The data
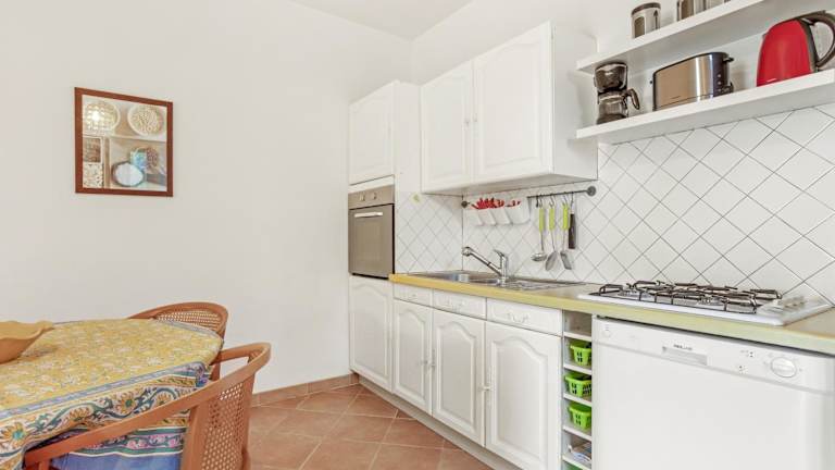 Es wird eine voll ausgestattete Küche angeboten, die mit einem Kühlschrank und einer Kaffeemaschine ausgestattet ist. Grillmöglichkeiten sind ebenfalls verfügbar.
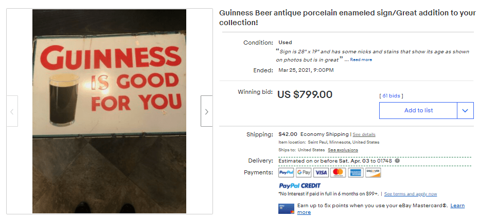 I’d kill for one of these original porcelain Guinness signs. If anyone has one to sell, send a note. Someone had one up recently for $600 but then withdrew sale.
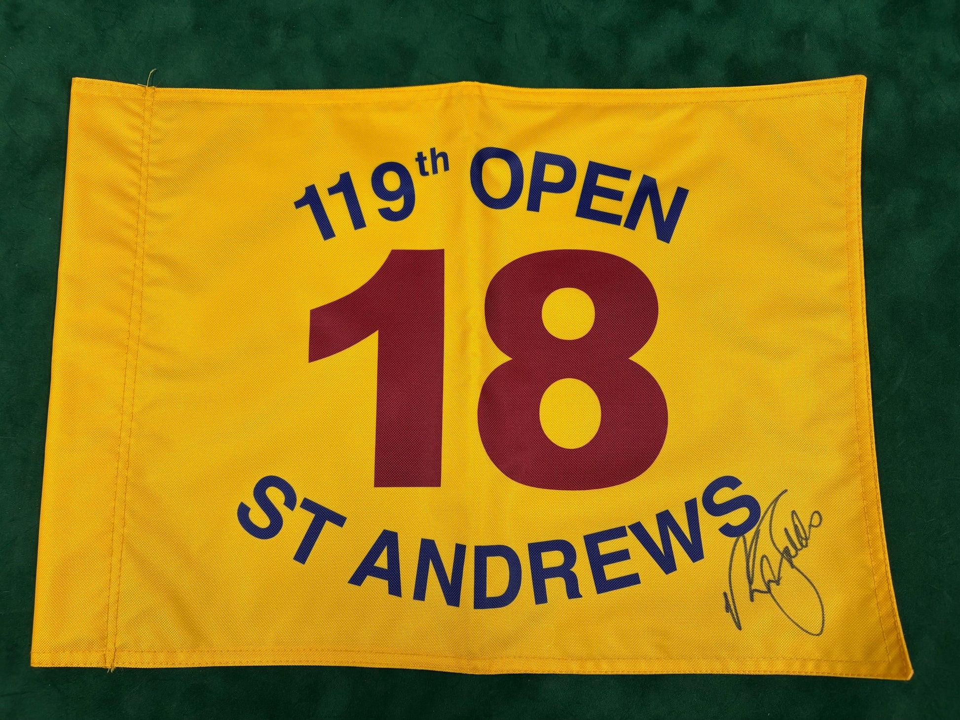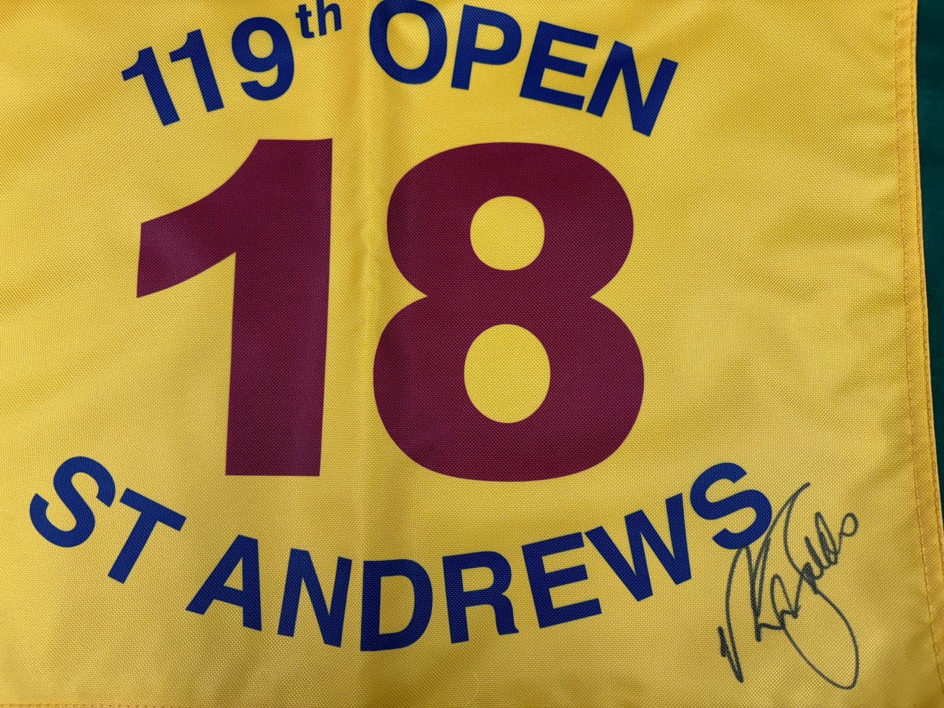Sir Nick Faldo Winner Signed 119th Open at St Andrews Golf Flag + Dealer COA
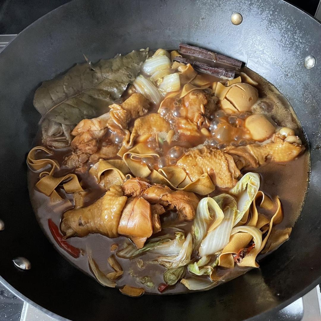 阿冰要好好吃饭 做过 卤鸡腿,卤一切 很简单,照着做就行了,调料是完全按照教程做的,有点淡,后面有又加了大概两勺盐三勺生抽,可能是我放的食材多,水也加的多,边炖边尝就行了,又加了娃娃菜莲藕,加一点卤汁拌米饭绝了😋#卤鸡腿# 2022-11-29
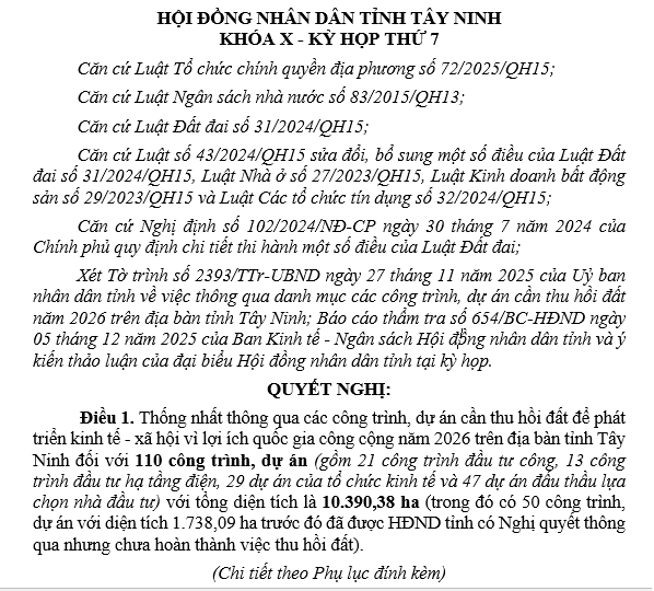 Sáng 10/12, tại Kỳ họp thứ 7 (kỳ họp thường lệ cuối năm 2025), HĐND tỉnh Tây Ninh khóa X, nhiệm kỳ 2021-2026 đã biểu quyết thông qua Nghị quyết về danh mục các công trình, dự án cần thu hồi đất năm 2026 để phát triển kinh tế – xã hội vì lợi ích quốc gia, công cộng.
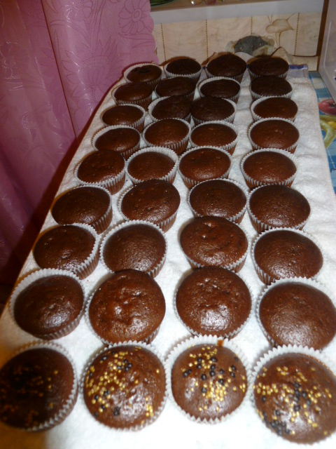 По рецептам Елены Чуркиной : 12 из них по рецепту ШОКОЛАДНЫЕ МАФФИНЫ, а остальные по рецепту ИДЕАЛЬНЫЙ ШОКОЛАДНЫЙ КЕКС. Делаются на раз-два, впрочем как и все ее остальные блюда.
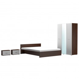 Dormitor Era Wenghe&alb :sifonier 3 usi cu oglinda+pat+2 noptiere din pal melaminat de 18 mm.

* * *

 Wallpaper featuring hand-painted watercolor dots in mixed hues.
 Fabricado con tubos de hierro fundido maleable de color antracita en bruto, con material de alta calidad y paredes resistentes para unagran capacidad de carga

...

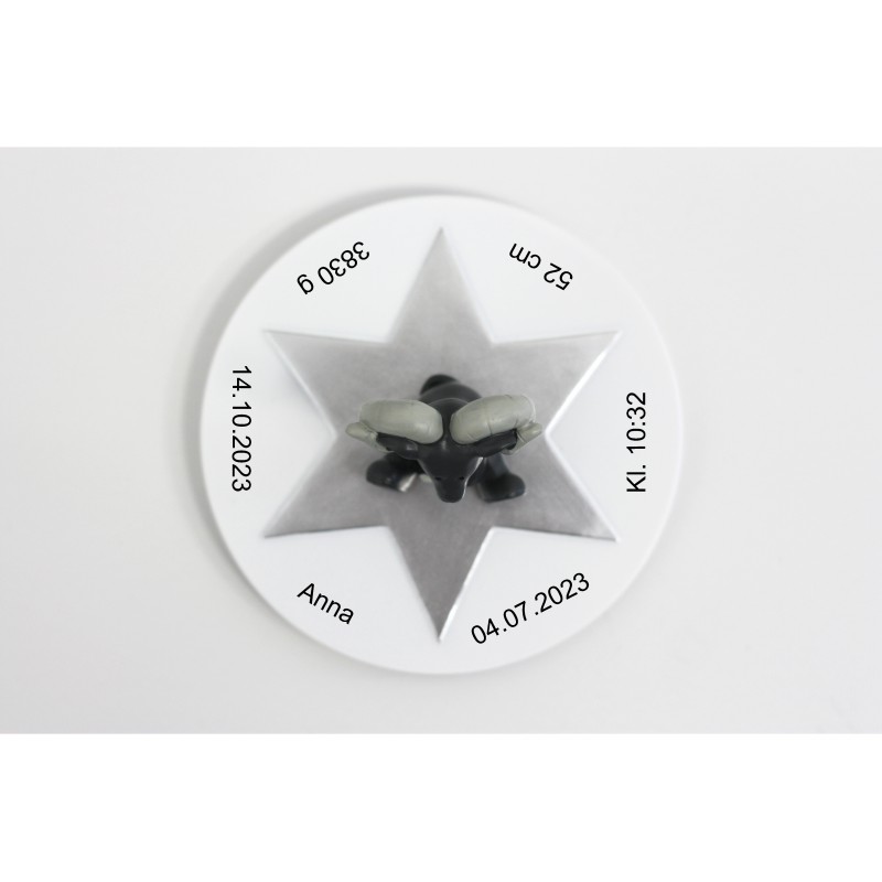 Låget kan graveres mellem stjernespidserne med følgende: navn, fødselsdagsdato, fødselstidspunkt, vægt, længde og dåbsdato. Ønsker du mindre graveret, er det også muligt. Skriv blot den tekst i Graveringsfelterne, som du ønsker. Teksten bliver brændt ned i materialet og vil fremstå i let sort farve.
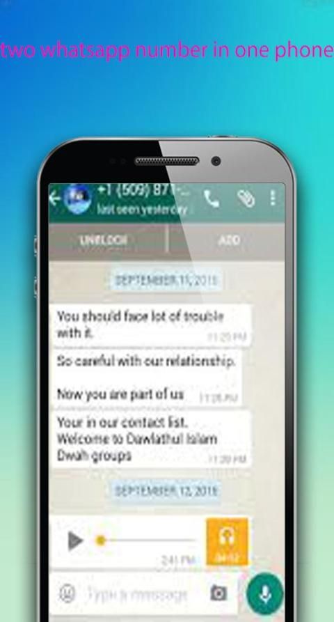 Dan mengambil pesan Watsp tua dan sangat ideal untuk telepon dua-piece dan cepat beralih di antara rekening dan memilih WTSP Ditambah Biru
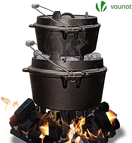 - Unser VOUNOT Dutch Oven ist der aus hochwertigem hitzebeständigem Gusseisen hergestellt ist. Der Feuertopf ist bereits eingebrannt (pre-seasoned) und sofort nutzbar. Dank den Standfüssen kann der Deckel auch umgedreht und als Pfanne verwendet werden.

What you have to do
Both the line above containing "Dan mengambil pesan" and the line containing "- Unser VOUNOT" belong in the copy, along with every line between them; print these exactly and omit the pictures.

Written response
 Dan mengambil pesan Watsp tua dan sangat ideal untuk telepon dua-piece dan cepat beralih di antara rekening dan memilih WTSP Ditambah Biru
 - Unser VOUNOT Dutch Oven ist der aus hochwertigem hitzebeständigem Gusseisen hergestellt ist. Der Feuertopf ist bereits eingebrannt (pre-seasoned) und sofort nutzbar. Dank den Standfüssen kann der Deckel auch umgedreht und als Pfanne verwendet werden.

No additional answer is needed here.